Thayaru falls ill and Lakshmipati arrives in the village, however he is stopped from visiting her because of the family values. Thayaru succumbs to her illness and passes away. Srinivas tells his grandmother that he wishes to marry Shanthi and asks her to speak to Lakshmipati. Just at that time, Lakshmipati and Annapurna visit their house and Doddamma asks about the proposal. She rages and Srinivas is shocked when Lakshmipati reveals that Shanthi is an untouchable, and the couple leave. Shanthi is also shocked to hear her birth secret and breaks down. When she decides to quit the house, Srinivas stops her and decides to take her to his home, which Lakshmipati approves. As Doddamma has not seen Shanthi before, he takes her to his home and introduces Shanthi as a poor girl Lakshmi and has her work as a maid in the house and assist Doddamma. Doddamma is pleased with Shanthi and endears her not knowing her true identity. In this manner, Srinivas teaches Shanthi the principle of all humans are the same and untouchability is not a true religious concept. Meanwhile, Seshavataram's son Krishnavataram and Geetha fall in love. Seshavataram moves ahead with a marriage proposal for the two and Annapurna agrees.

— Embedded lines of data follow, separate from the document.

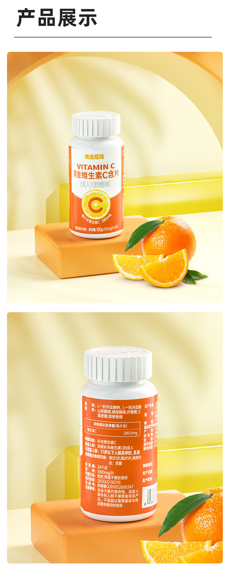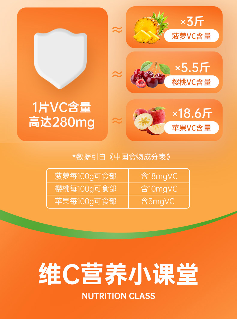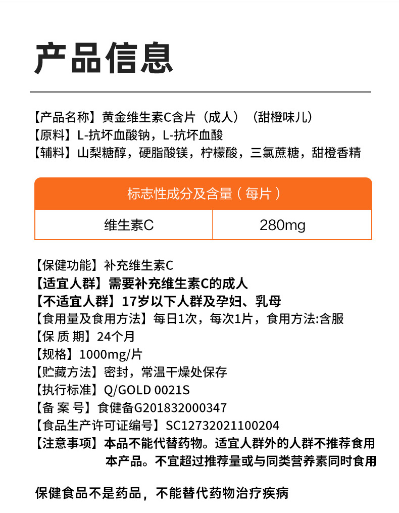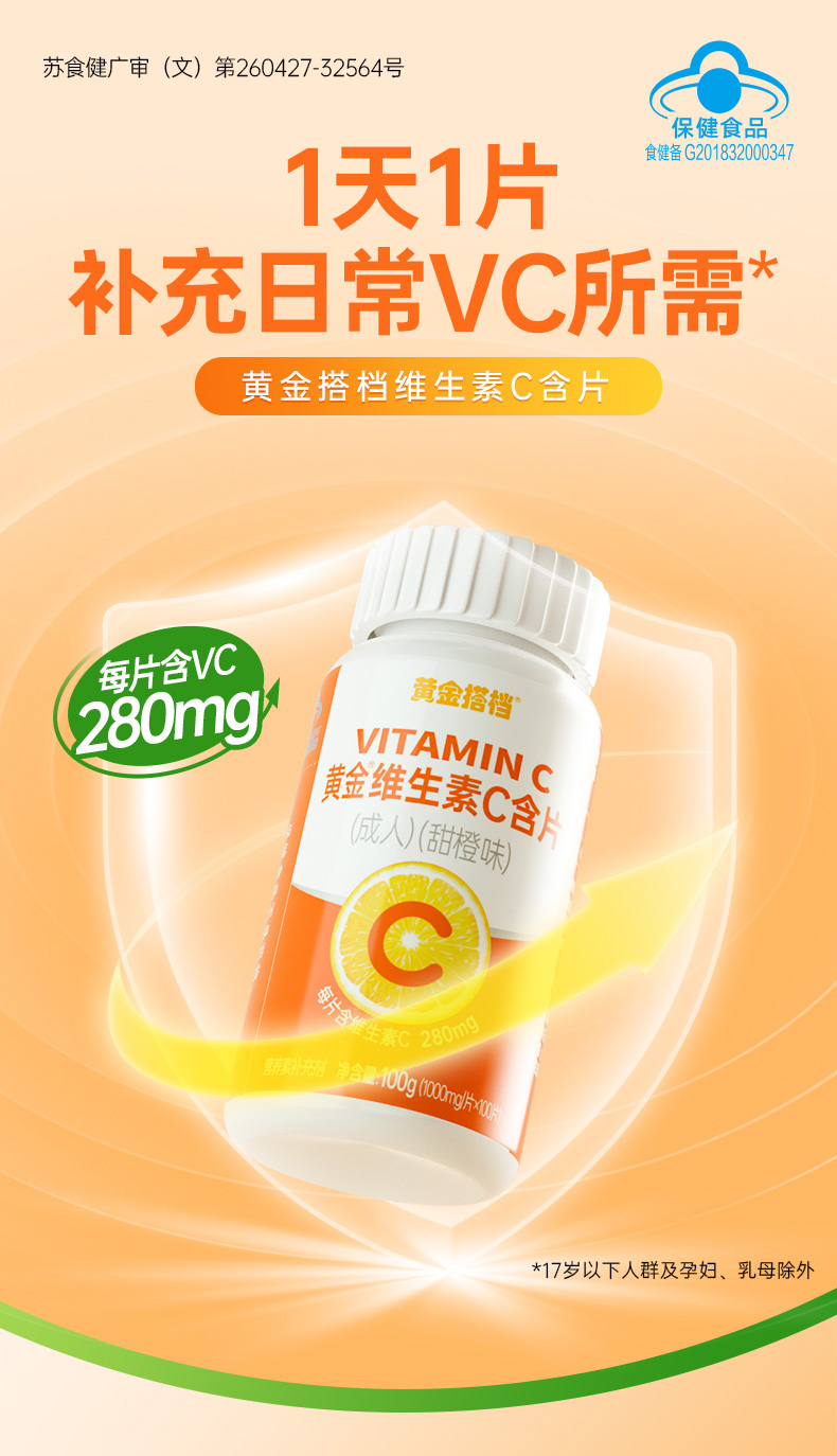 【拍1发3】黄金搭档维生素C维C咀嚼片维他命C成人VC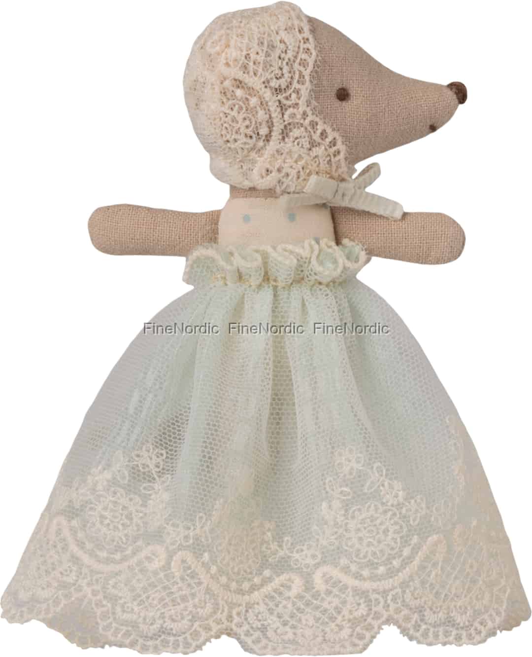 Se for deg en bitteliten mus som våkner med morgensolen, med små, klare øyne klare for en dag full av eventyr. Kledd i en nydelig mintfarget kjole med prikkete liv og en krage med rysjer, er hun alltid klar for et teselskap eller en rolig fortelling i en koselig krok. Hennes intrikate blondekyse, knyttet med et mykt bånd, tilfører et snev av vintage-sjarm som føles tidløs, som om hun har trådt rett ut av et klassisk eventyr.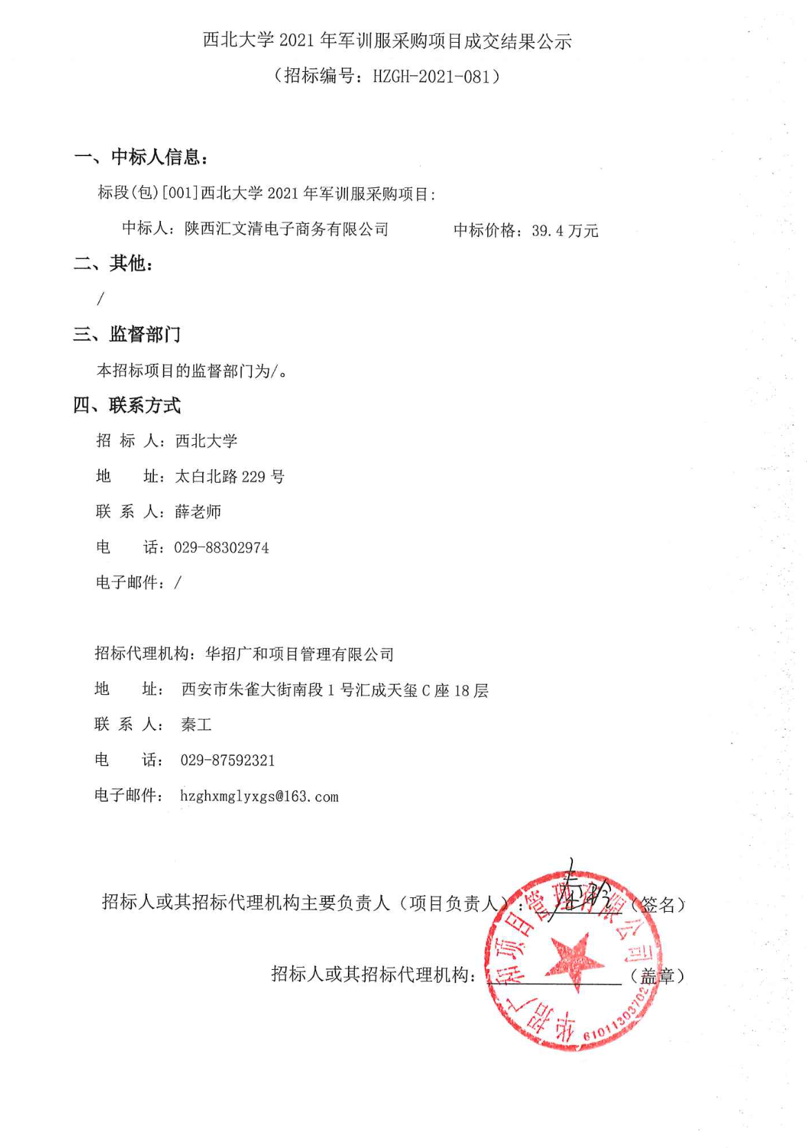 米兰网页版·官方端在线2021年军训服采购项目成交结果公示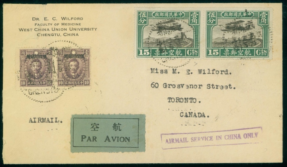 1935 (5 Mar.) airmail to Canada bearing Air Mail 15c (2), Martyr "for use in Szechuan" ovpt. 10c (2) tied by Chengtu c.d.s., with rectangular postal instruction h.s. and Shanghai transit (8.3).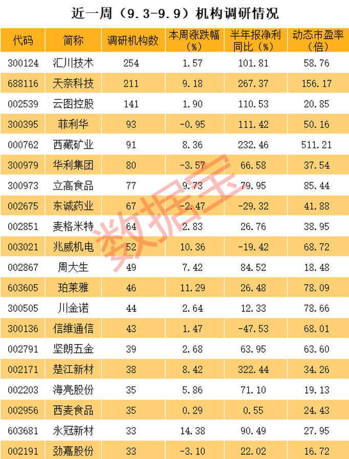 近一周机构调研个股数量有230多只,汇川技术成为调研机构数量最多的股票。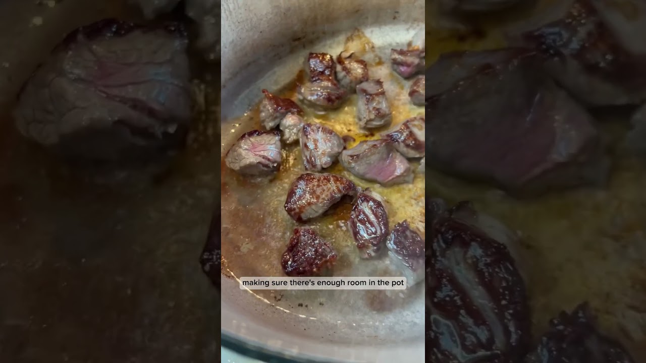 there’s a reason why beef bourgeon is the most famous beef stew dish in the world it was a favorite of Anthony Bourdain Julia Child and of course myself which is why I made it in the dead of June for my birthday because it’s so good it should be served Even In The Heat Of Summer here’s how you make it Cube and salt chuck roast beef and then we’re gonna sear it on all sides making sure there’s enough room in the pot so you don’t overcrowd the pan and steam it remove the beef from the pot and then we’re going to go in bacon saute that out rendering the fat and then we’re going to go in with leeks onion carrots and celery saute until translucent and then add garlic tomato paste and saute for another about three minutes then we’re going to deglaze with a whole bottle of Burgundy wine yes a whole bottle it’s called beef bourguignon for a reason people add some bay leaves beef back and then we’re gonna put it in a 325 degree oven for two hours in the meantime saute corded or whole mushroom cups and then pearl onions we cook those separately so it’ll get too mushy in the stew remove the beef stew ones that it’s nice and tender test it with a fork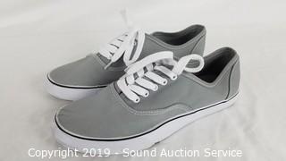 Item Description: Season 2, episode 7. Universal Thread blouse Sz. XS, A New Day heather grey sweater Sz. XS, A New Day grey canvas sneakers Sz. 7, A New Day dark olive jeans Sz. 4, Orilia thing

A thief breaks into Doddamma's house during the night and tries to steal an idol, but Shanthi saves the idol and gets assaulted. When the thief tries to escape, Doddamma catches him, and he brutally assaults her too. Both Shanthi and Doddamma are admitted in the hospital. Shanthi is safe but Doddamma needs someone to donate blood, so Shanthi steps forward and volunteers to donate her blood. Doddamma is now safe, but Shanthi is in critical condition, however she recovers soon. Doddamma repents for her behavior and realizes the true meaning of humanity and begs forgiveness. The film ends with the marriages of Srinivas & Shanthi and Krishnavataram & Geetha.

==Cast==
- Gummadi as Lakshmipati
- Anjali Devi as Annapurna
- Sobhan Babu as Srinivas
- Sarada as Shanti
- Rao Gopala Rao as Koteshu
- Chandra Mohan as Krishnavataram
- Potti Prasad as Krishnavataram's friend
- Suryakantam as Doddamma (Srinivas' grandmother)
- Sakshi Ranga Rao as Seshavatharam
- Pushpa Kumari as Thayaru
- Geetanjali as Geetha
- Raavi Kondala Rao
- Allu Ramalingaiah as MLA Ekambareshwar Rao
- Nirmalamma as Shanti's aunt
- Devadas Kanakala
- Chalapathi Rao as Doctor
- K.V. Chalam
- P. J. Sarma as Doctor

==Songs==
- "Emitayya Sarasalu" (Lyrics: Kosaraju Raghavaiah)
- "Mundarunna Chinnadani" (Lyrics: Daasarathi Krishnamacharyulu)
- "Sannajaji Sogasundi" (Lyrics: C. Narayana Reddy)
- "Nijam Telugusukondi O YuvakullarA" (Lyrics: Dasarathi Krishnamacharyulu)
- "Om Namo Narayanaya" (Lyrics: Devulapalli Krishnasastri)
- "Palle Nidurinchenu" (Lyrics: Dasaradhi Krishnamacharyulu)
- "Ee Thalli Padenu Jola" (Lyrics: Devulapalli Krishnasastri)
- "Maraledhule Eekalam" (Lyrics: Dasarathi Krishnamacharyulu)

==Awards==
- Vasiraju Prakasam won the Nandi Award for Best Feature Film - Gold in 1972.